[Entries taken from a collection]
- - -

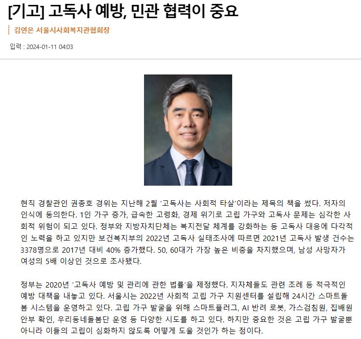 기사 링크: [기고] 고독사 예방, 민관 협력이 중요-국민일보 (kmib.co.kr)
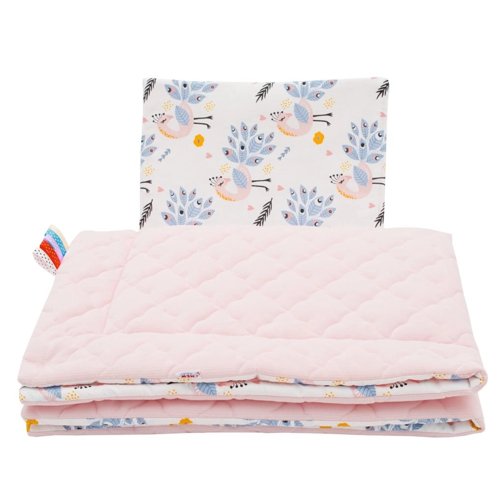 This elegant double-sided stroller set in pink with a peacock motif offers a perfect blend of practicality and softness. One side is quality 100% cotton with a modern children’s print, the other is velvet (100% polyester), exceptionally pleasant to the touch and shape-retaining over time. Everything is filled with anti-allergenic fiber for the safety and comfort of sensitive baby skin.
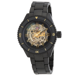 High-tech ceramic black and titanium case and bracelet, unidirectional rotating black high-tech ceramic and titanium bezel, skeleton dial with silver-tone hands and index hour markers, minute markers around outer rim, analog dial, Rado Calibre R808 automatic movement with 80-hour power reserve, scratch resistant sapphire crystal, screw down crown, solid case back, round 43mm case size, 14.6mm thickness, deployment clasp with push button, water resistant to 300 meters, hour minute second functions, limited edition 1962 pieces, Captain Cook Series, Swiss Made luxury style, item reference R32147162
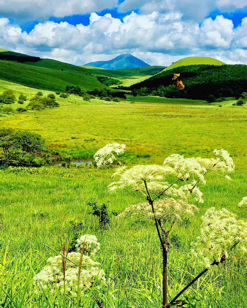 青い空と蓼科山、明るい緑の湿原、白いシシウド、オレンジ色の蝶々が、とても綺麗に見えました。
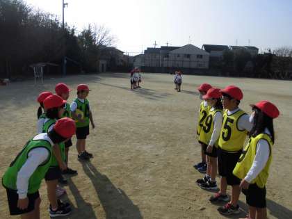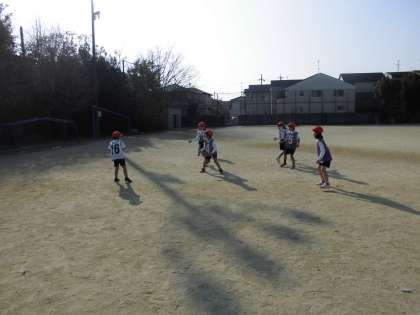 体育科でパスゲーム(2)をしています。パスゲーム(1)で学んだので,ルールや進め方はバッチリです。プレーヤーが全員得点を入れるとボーナスとして3点が追加されます。ボーナス得点が入るように工夫して運動していました。
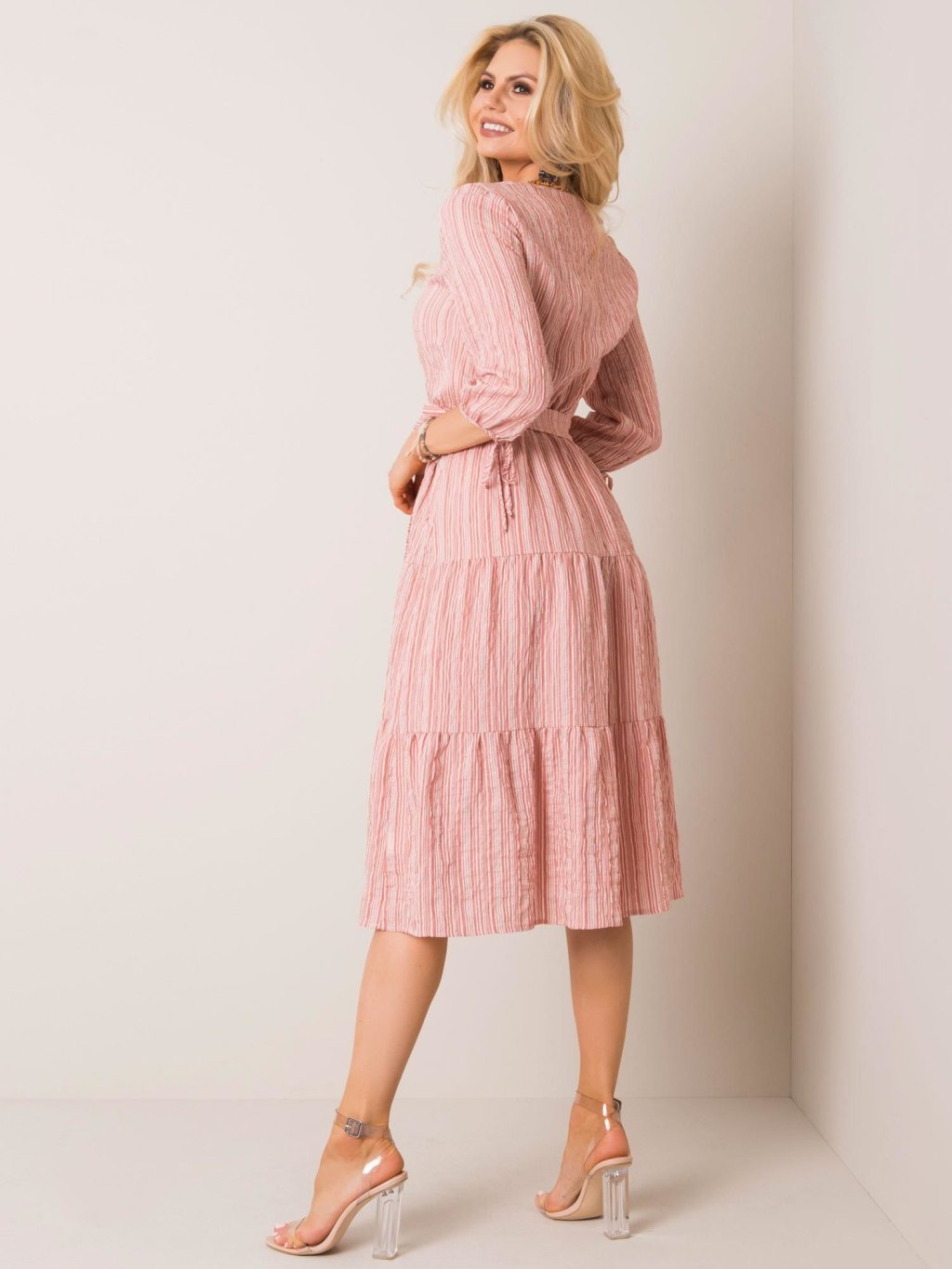DÁMSKÉ RŮŽOVÉ ŠATY S PÁSKEM
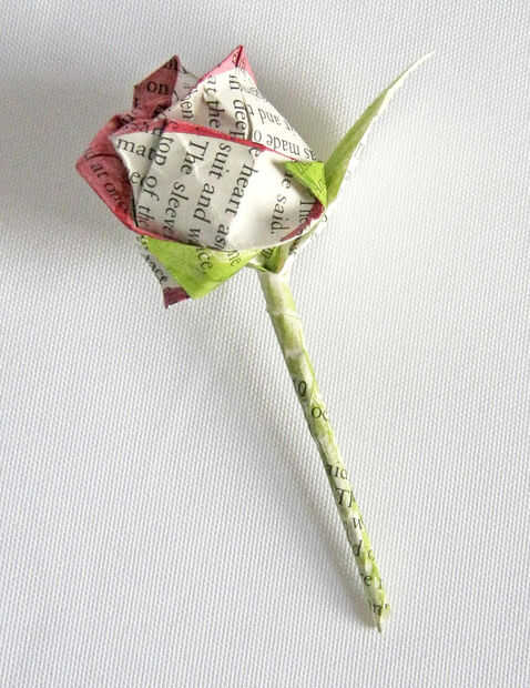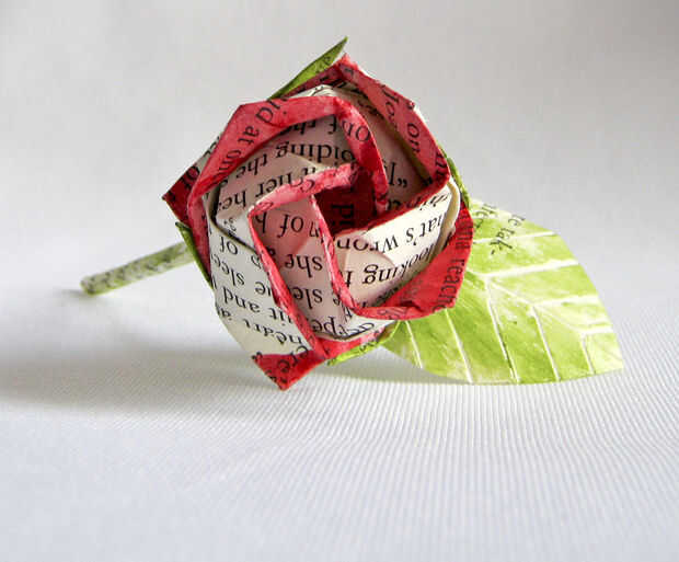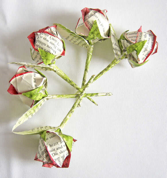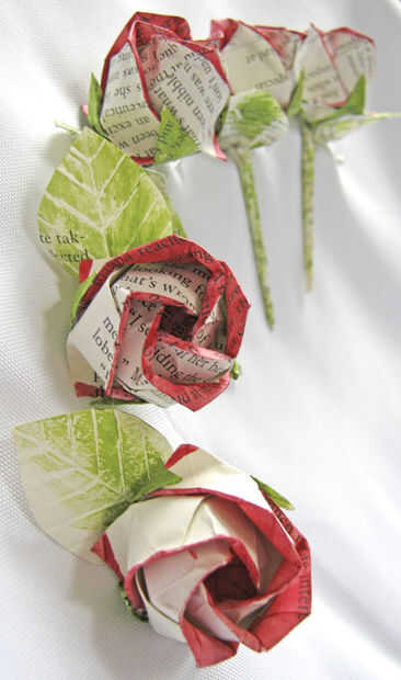 esto es un conjunto de origami rose o hice. Están fabricados de las páginas de algunos libros antiguos dañados, pintados para agregar color y rociados con un spray de acabado para pinturas hacerlos resistentes al agua. También hacen pins de gran sombrero.
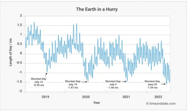 2022年6月29日,地球创造了有纪录以来最短的一天
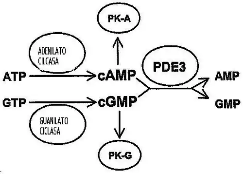 - ↑ a b c d e f Degerman E., Belfrage P., Manganiello V.C. (1997). Structure, localization, and regulation of cGMP-inhibited phosphodiesterase (PDE3) (en inglés). Journal of Biological Chemistry, 272(11): 6823-6826.
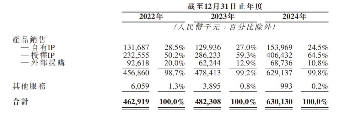翻开52TOYS的招股书,一组数据也格外刺眼,2024年其自有IP收入占比仅 24.5%,授权IP贡献了64.5%的营收。以其核心爆款“蜡笔小新”系列为例,2024年,公司营收为6.30亿元,而蜡笔小新玩具整体实现GMV超过3.8亿元。这意味着,公司2024年6成营收大致可以看作是由蜡笔小新贡献的。
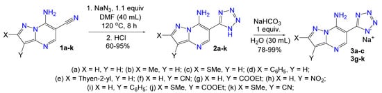Scope of 6-(tetrazol-5-yl)-7-aminopyrazolo[1,5-a]pyrimidines 2a–k and corresponding sodium salts 3a–c, 3g–k.

- - -

• What you will do
Transcribe every line of the records exactly. Pictures do not belong in the copy.

• Task response
 기사 링크: [기고] 고독사 예방, 민관 협력이 중요-국민일보 (kmib.co.kr)
 This elegant double-sided stroller set in pink with a peacock motif offers a perfect blend of practicality and softness. One side is quality 100% cotton with a modern children’s print, the other is velvet (100% polyester), exceptionally pleasant to the touch and shape-retaining over time. Everything is filled with anti-allergenic fiber for the safety and comfort of sensitive baby skin.
 High-tech ceramic black and titanium case and bracelet, unidirectional rotating black high-tech ceramic and titanium bezel, skeleton dial with silver-tone hands and index hour markers, minute markers around outer rim, analog dial, Rado Calibre R808 automatic movement with 80-hour power reserve, scratch resistant sapphire crystal, screw down crown, solid case back, round 43mm case size, 14.6mm thickness, deployment clasp with push button, water resistant to 300 meters, hour minute second functions, limited edition 1962 pieces, Captain Cook Series, Swiss Made luxury style, item reference R32147162
 青い空と蓼科山、明るい緑の湿原、白いシシウド、オレンジ色の蝶々が、とても綺麗に見えました。
 体育科でパスゲーム(2)をしています。パスゲーム(1)で学んだので,ルールや進め方はバッチリです。プレーヤーが全員得点を入れるとボーナスとして3点が追加されます。ボーナス得点が入るように工夫して運動していました。
DÁMSKÉ RŮŽOVÉ ŠATY S PÁSKEM
 esto es un conjunto de origami rose o hice. Están fabricados de las páginas de algunos libros antiguos dañados, pintados para agregar color y rociados con un spray de acabado para pinturas hacerlos resistentes al agua. También hacen pins de gran sombrero.
 2022年6月29日,地球创造了有纪录以来最短的一天
 - ↑ a b c d e f Degerman E., Belfrage P., Manganiello V.C. (1997). Structure, localization, and regulation of cGMP-inhibited phosphodiesterase (PDE3) (en inglés). Journal of Biological Chemistry, 272(11): 6823-6826.
翻开52TOYS的招股书,一组数据也格外刺眼,2024年其自有IP收入占比仅 24.5%,授权IP贡献了64.5%的营收。以其核心爆款“蜡笔小新”系列为例,2024年,公司营收为6.30亿元,而蜡笔小新玩具整体实现GMV超过3.8亿元。这意味着,公司2024年6成营收大致可以看作是由蜡笔小新贡献的。
Scope of 6-(tetrazol-5-yl)-7-aminopyrazolo[1,5-a]pyrimidines 2a–k and corresponding sodium salts 3a–c, 3g–k.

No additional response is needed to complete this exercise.